RECORDED INFORMATION:
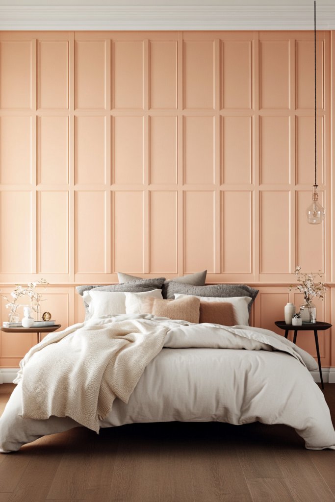 Feeling like your walls lack depth and character? Subdued peach wall paneling can introduce architectural detail that elevates your bedroom. It’s a subtle way to add sophistication without overwhelming the space. Who knew wall treatments could be so impactful?
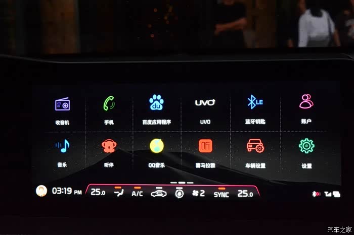 首先来说下UVO,它是起亚与微软合作开发的一款车载信息系统,UVO车载信息系统包括3部分,5个主要功能,分别是车载部分,手机部分以及后台部分,分别对应车辆诊断/车辆问题咨询、目的地设置、SOS救援、远程控制车辆及安全及安防服务五大功能。
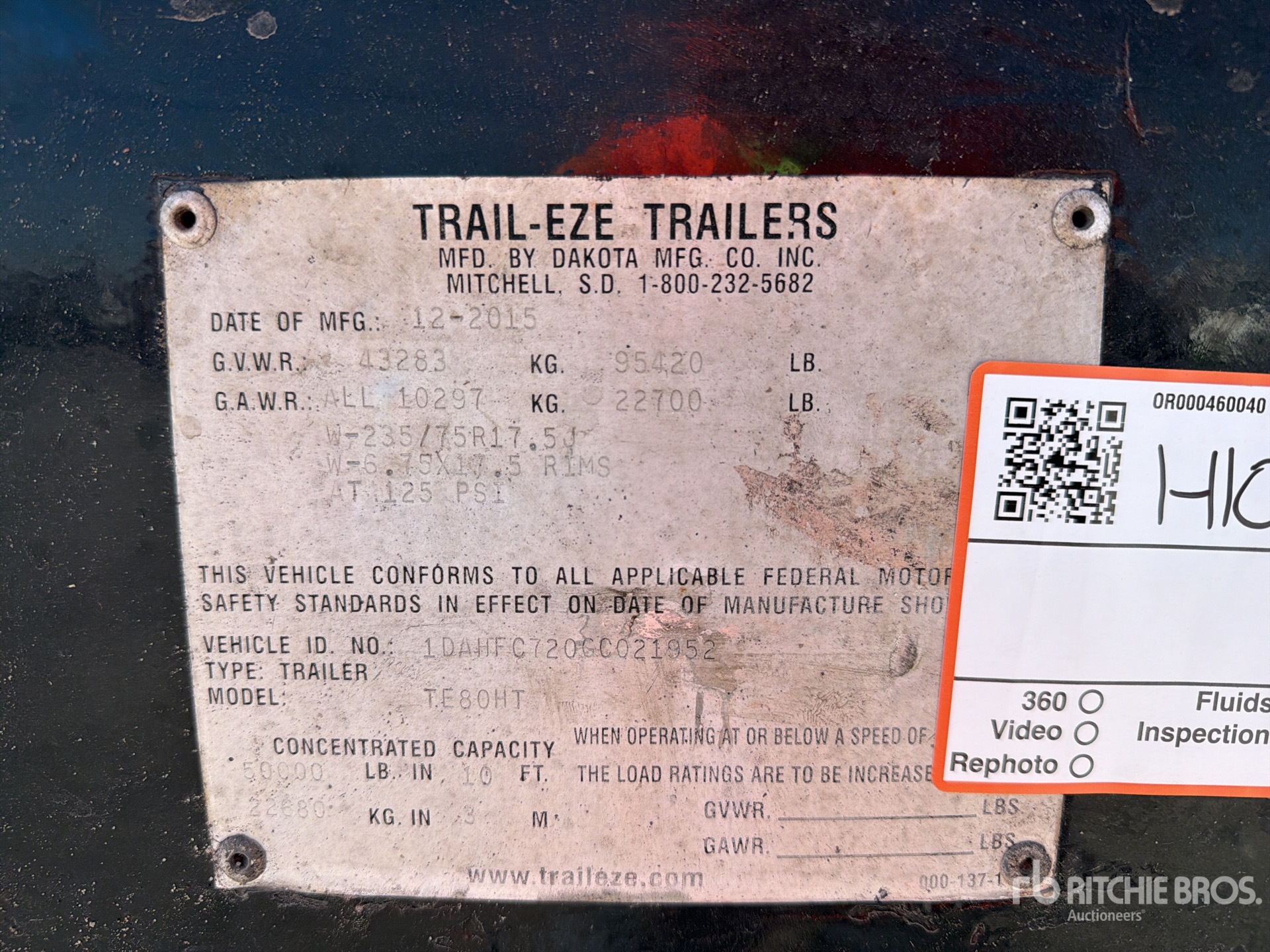 详细的设备信息范围有限,且除本文明确列出的方面或组件外,利氏兄弟拍卖公司并未检查设备中的任何其他方面或组件。除非另有明确声明,我们不会对设备或其组件作出任何形式的明示或暗示的陈述或保证。这包括但不限于关于功能、符合或遵循任何适用权力机构或监管机构的安全标准或要求、适用于任何特定用途,或者适销性的任何陈述或保证。我们强烈建议您在竞拍之前自行对设备进行详细检查。
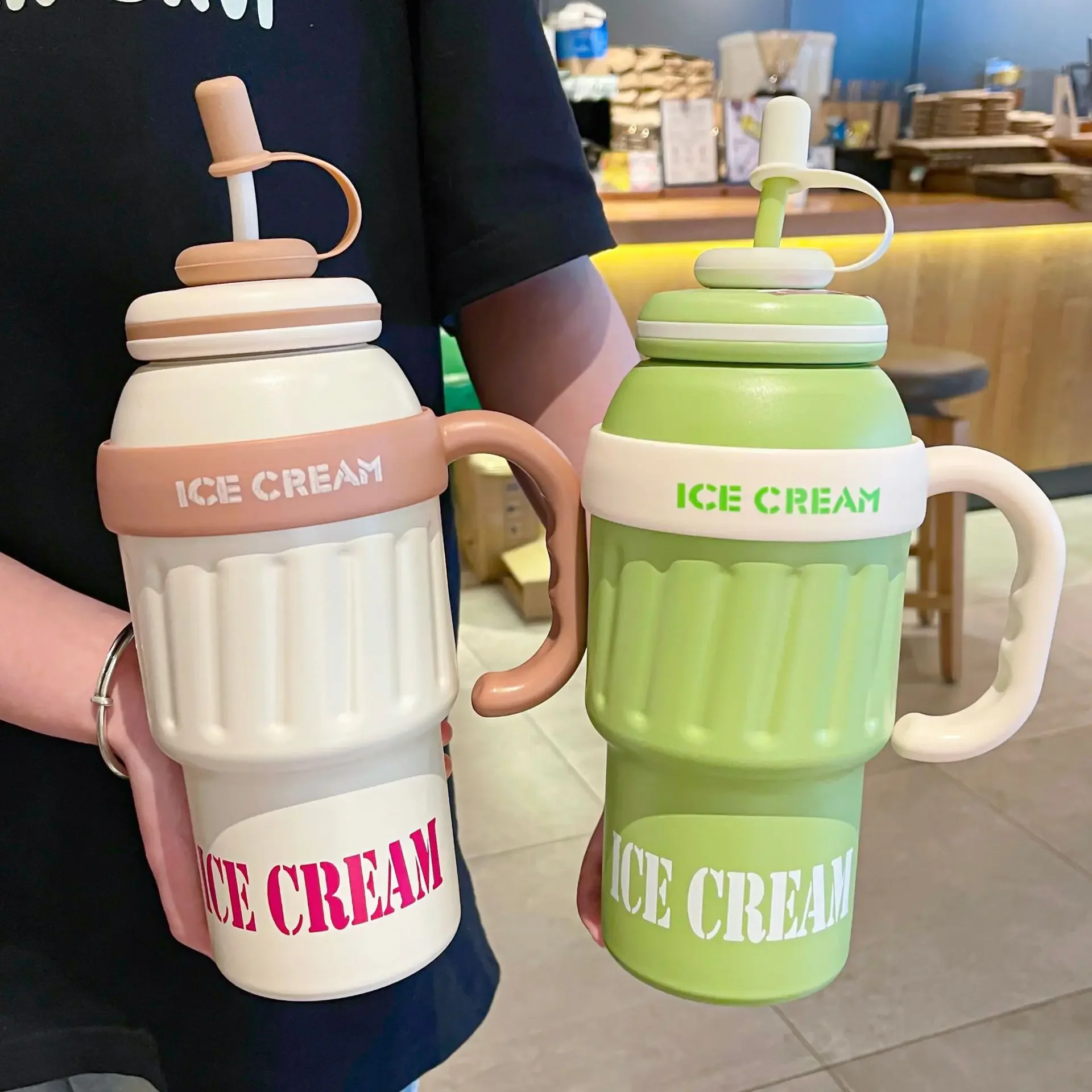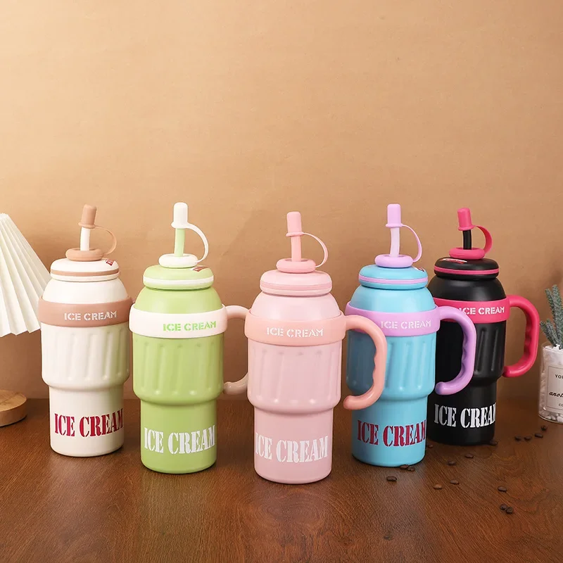 Portable Insulated Tumbler 1000ml with Handle Straw Stainless Steel Vacuum Travel Cup for Hot Cold Coffee Drinks Outdoor Sport

WHAT YOU ARE ASKED TO DO: Each line from the one containing "详细的设备信息范围有限,且除" to the final line of the data must be printed exactly, both included, with nothing else and no pictures.

ANSWER FOR THE TASK:
 详细的设备信息范围有限,且除本文明确列出的方面或组件外,利氏兄弟拍卖公司并未检查设备中的任何其他方面或组件。除非另有明确声明,我们不会对设备或其组件作出任何形式的明示或暗示的陈述或保证。这包括但不限于关于功能、符合或遵循任何适用权力机构或监管机构的安全标准或要求、适用于任何特定用途,或者适销性的任何陈述或保证。我们强烈建议您在竞拍之前自行对设备进行详细检查。
 Portable Insulated Tumbler 1000ml with Handle Straw Stainless Steel Vacuum Travel Cup for Hot Cold Coffee Drinks Outdoor Sport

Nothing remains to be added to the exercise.